▸ **What to work on**
The whole listing below should be printed again exactly, with no images.

▸ **Excerpted records**
┌──

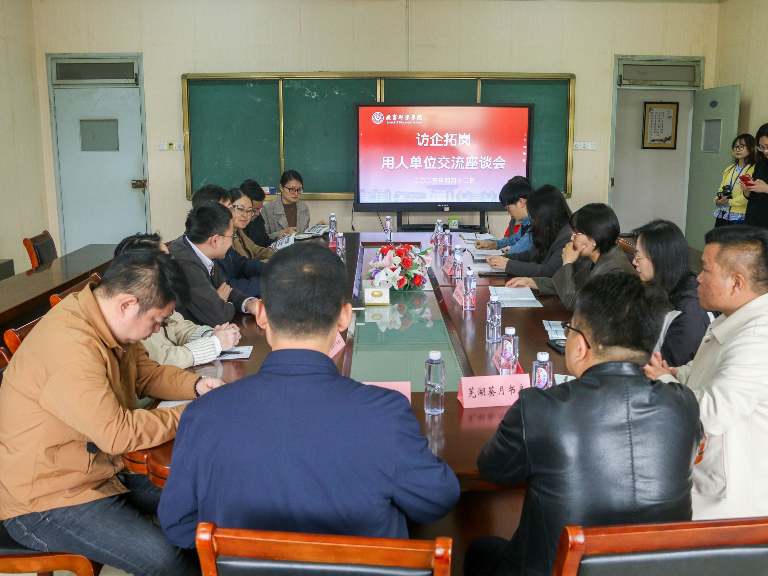 各单位负责人依次介绍了本单位的岗位需求、企业文化等信息,并结合近年来招募用人情况进行了深入交流。用人单位首先肯定了教科院培养学生的质量和成效,同时指出希望进一步增强学生的职业规划意识,在保持专业技能扎实的基础上提高实践操作能力,为未来就业做好充分准备。韩建涛进行总结讲话,希望后期加强同各单位间的交流合作,深入开展校企合作,增进用人单位与毕业生的信息互通,推动毕业生高质量充分就业。
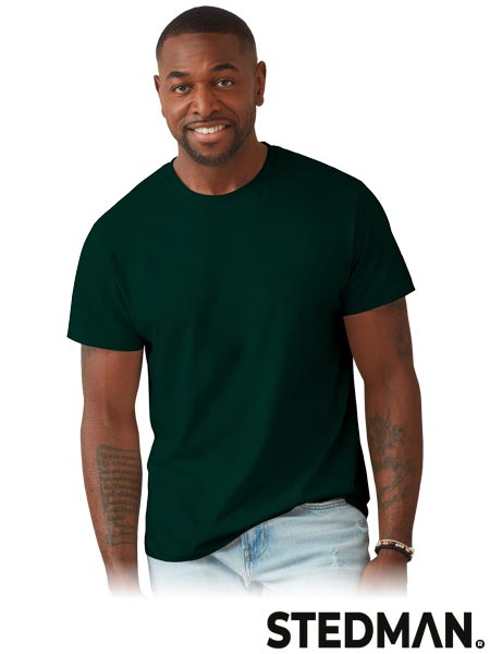 T-shirt męski ST2100.- 100% wysokogatunkowej bawełny, jednołożyskowej (kolor szary: 85% bawełny/15% wiskozy)- gramatura 185 g/m2- bez szwów bocznych- taśma wzmacniająca szwy rękawów
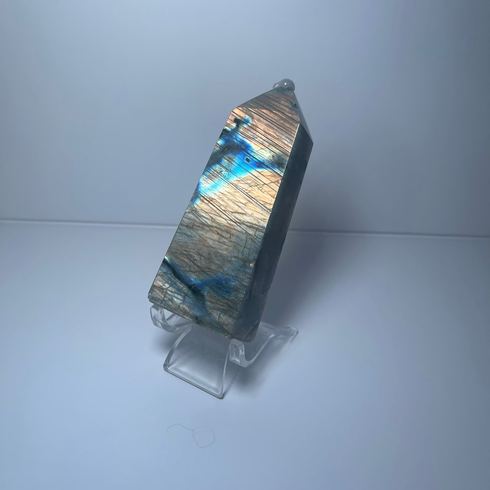 Labradorite is known as a stone of transformation, intuition & protection. It awakens inner magic, strengthens spiritual vision & shields against negative energy. In tower form, its energy is focused and amplified, channeling clarity & empowerment upward.
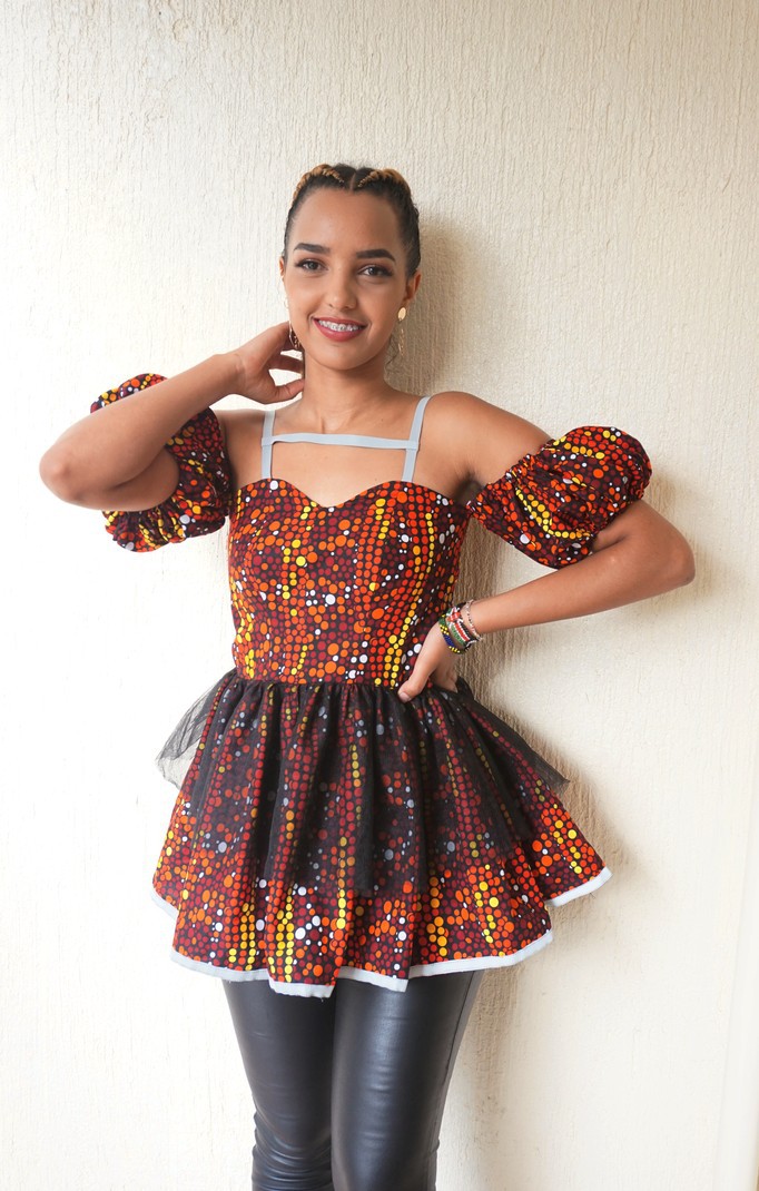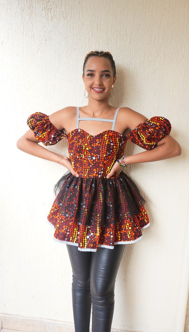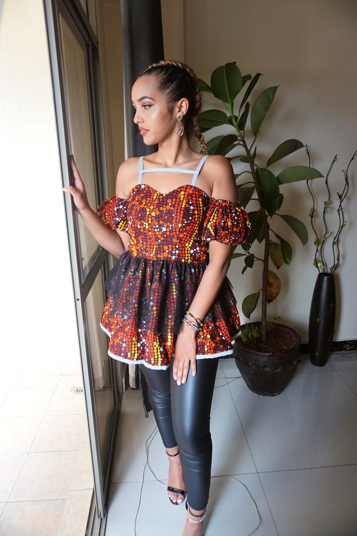 Vous êtes vêtu d'être mieux habillé du bureau à l'église dans cette silhouette imprimée africaine chic. Portez le haut polyvalent à épaules dénudées et basque Akira African Print dans l'imprimé ankara rouge, jaune, blanc et noir pour compléter votre garde-robe d'été. La maille noire autour du basque ajoutera une touche supplémentaire 'L'agrafe unique peut être associée à un pantalon en denim / noir détruit pour le cocktail ou une jupe noire pour les fonctions décontractées professionnelles. Description: Bretelles réfléchissantes sur l'épaule Peplum Maille noire 100% coton africain Fabriqué au Kenya Instructions d'entretien: LAVAGE À LA MAIN. DÉTERGENT DOUX. NE PAS JAVELLISER. Modèles HAND TO DRY: Hauteur: 5'6 | Taille M
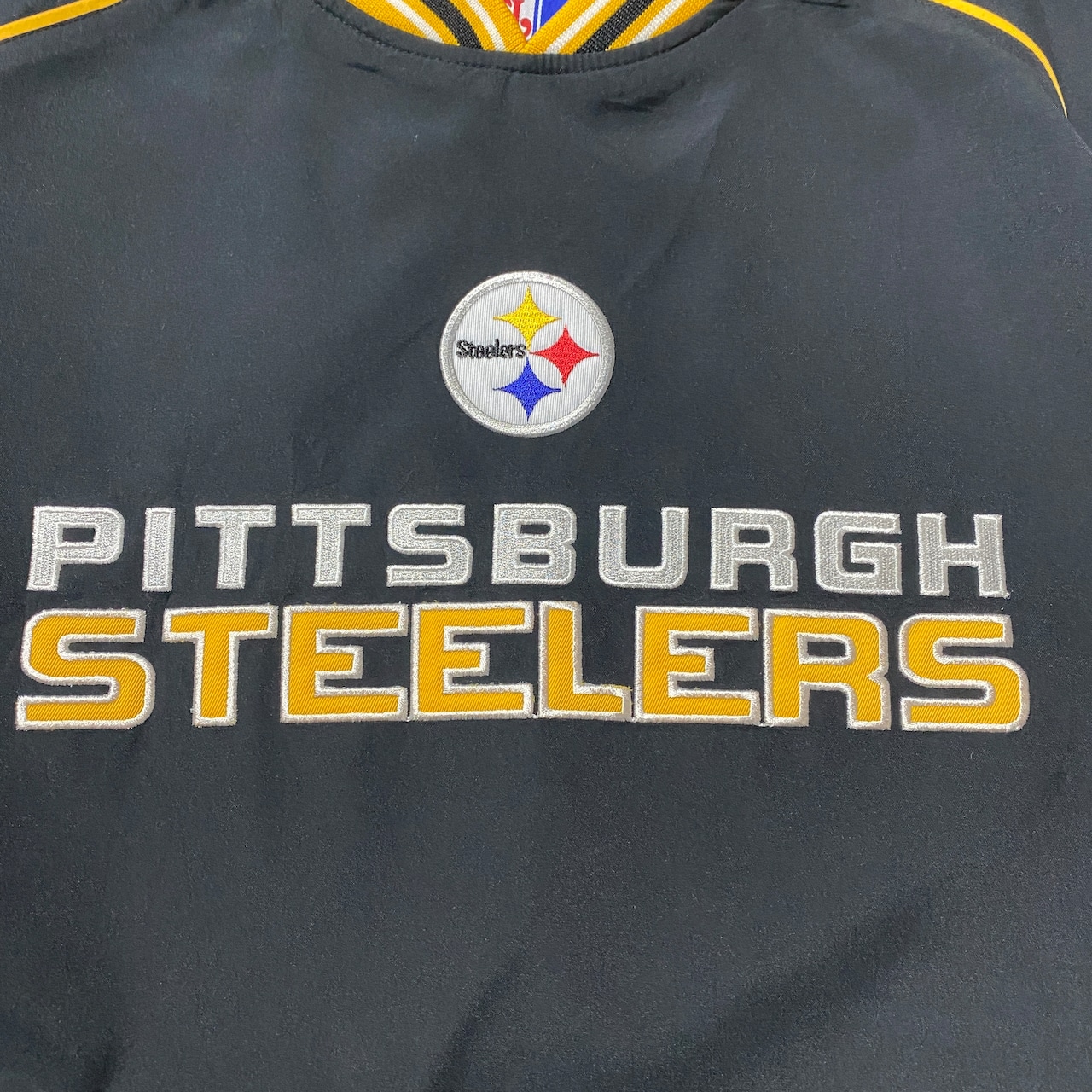 Reebok NFL Steelers リーボック スティーラーズ チームロゴ ラインリブ ブラック ナイロンプルオーバー

└──

▸ **Task answer**
 各单位负责人依次介绍了本单位的岗位需求、企业文化等信息,并结合近年来招募用人情况进行了深入交流。用人单位首先肯定了教科院培养学生的质量和成效,同时指出希望进一步增强学生的职业规划意识,在保持专业技能扎实的基础上提高实践操作能力,为未来就业做好充分准备。韩建涛进行总结讲话,希望后期加强同各单位间的交流合作,深入开展校企合作,增进用人单位与毕业生的信息互通,推动毕业生高质量充分就业。
 T-shirt męski ST2100.- 100% wysokogatunkowej bawełny, jednołożyskowej (kolor szary: 85% bawełny/15% wiskozy)- gramatura 185 g/m2- bez szwów bocznych- taśma wzmacniająca szwy rękawów
 Labradorite is known as a stone of transformation, intuition & protection. It awakens inner magic, strengthens spiritual vision & shields against negative energy. In tower form, its energy is focused and amplified, channeling clarity & empowerment upward.
 Vous êtes vêtu d'être mieux habillé du bureau à l'église dans cette silhouette imprimée africaine chic. Portez le haut polyvalent à épaules dénudées et basque Akira African Print dans l'imprimé ankara rouge, jaune, blanc et noir pour compléter votre garde-robe d'été. La maille noire autour du basque ajoutera une touche supplémentaire 'L'agrafe unique peut être associée à un pantalon en denim / noir détruit pour le cocktail ou une jupe noire pour les fonctions décontractées professionnelles. Description: Bretelles réfléchissantes sur l'épaule Peplum Maille noire 100% coton africain Fabriqué au Kenya Instructions d'entretien: LAVAGE À LA MAIN. DÉTERGENT DOUX. NE PAS JAVELLISER. Modèles HAND TO DRY: Hauteur: 5'6 | Taille M
 Reebok NFL Steelers リーボック スティーラーズ チームロゴ ラインリブ ブラック ナイロンプルオーバー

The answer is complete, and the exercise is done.